The Megaupload All-Stars
There's a famous exchange, though probably apocryphal, attributed to Winston Churchill:

"Madam, would you sleep with me for 5 million pounds?" he allegedly asked a socialite, who initially seemed to rather like the idea. Then he changed the offer to a mere five pound note. "What kind of woman do you think I am?" she snapped.

"Madam, we've already established that," was the response. "Now we are haggling about the price."

Regarding celebrities, P. Diddy, Lil John, Alicia Keys, Chris Brown, Kanye West, The Game, Mary J. Blige, Kim Kardashian, Macy Gray and Jamie Foxx, we may now understand that, for them, it was also about the price.

In December, in the days before government officials pulled the plug on file-sharing service Megaupload on charges it facilitated piracy, the company released a promotional video with testimonials from these and other celebrities.

In fairness, it is not known if they were paid, or how much. Amid spin control (after record labels were able to temporarily pull the video from YouTube) there were claims that not all of the featured performers authorized their inclusion. Barring editing trickery, the entertainers are certainly on camera, mentioning Megaupload by name.

One wonders why they would think it was a good idea to align themselves with Kim Schmitz, the slobbish sleazebag whose disposable identities have included the name "Kim Dotcom." More importantly, how much did it cost to have them betray their colleagues in the entertainment industry?

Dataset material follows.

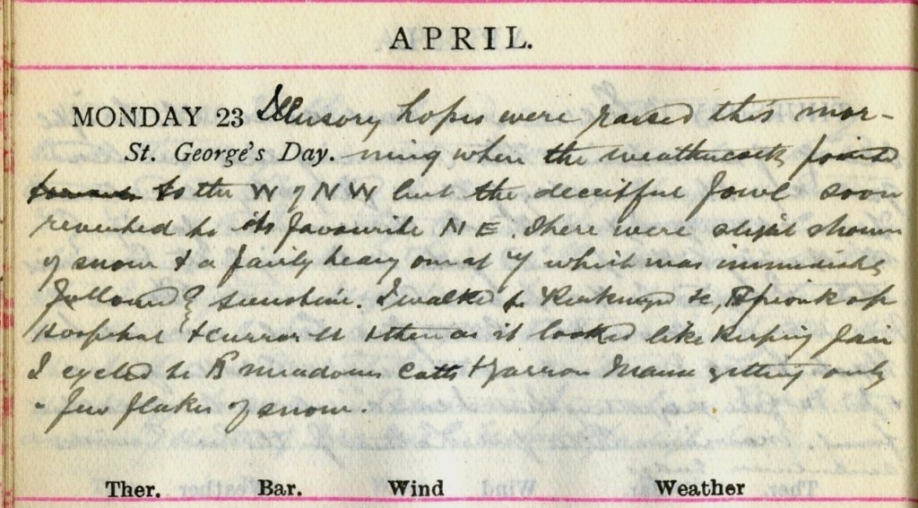 Illusory hopes were raised this morning when the weathercock pointed towards to the W. of N.W. but the deceitful fowl soon rounded to its favourite N.E. There were slight showers of snow + a fairly heavy one at 7 which was immediately followed by sunshine. I walked to Kirkwynd +c Spion Kop1, Hospital + Curror Street + then, as it looked like keeping fair, I cycled to Broadmeadows Cottage2 + Yarrow Manse3 getting only a few flakes of snow.

What did they think Megaupload was being used for? Fortune 500 companies using it to share documents among global offices? Far more likely is that traffic was split between people sharing porn and stealing media.

Even if you argue that SOPA and other anti-piracy efforts go too far, think of it from the celebrity perspective. Every song or movie shared illegally takes money out of not only their pockets, but the pockets of many others in their industry. Maybe A-listers are rich enough not to care, but couldn't they be bothered to think about their colleagues?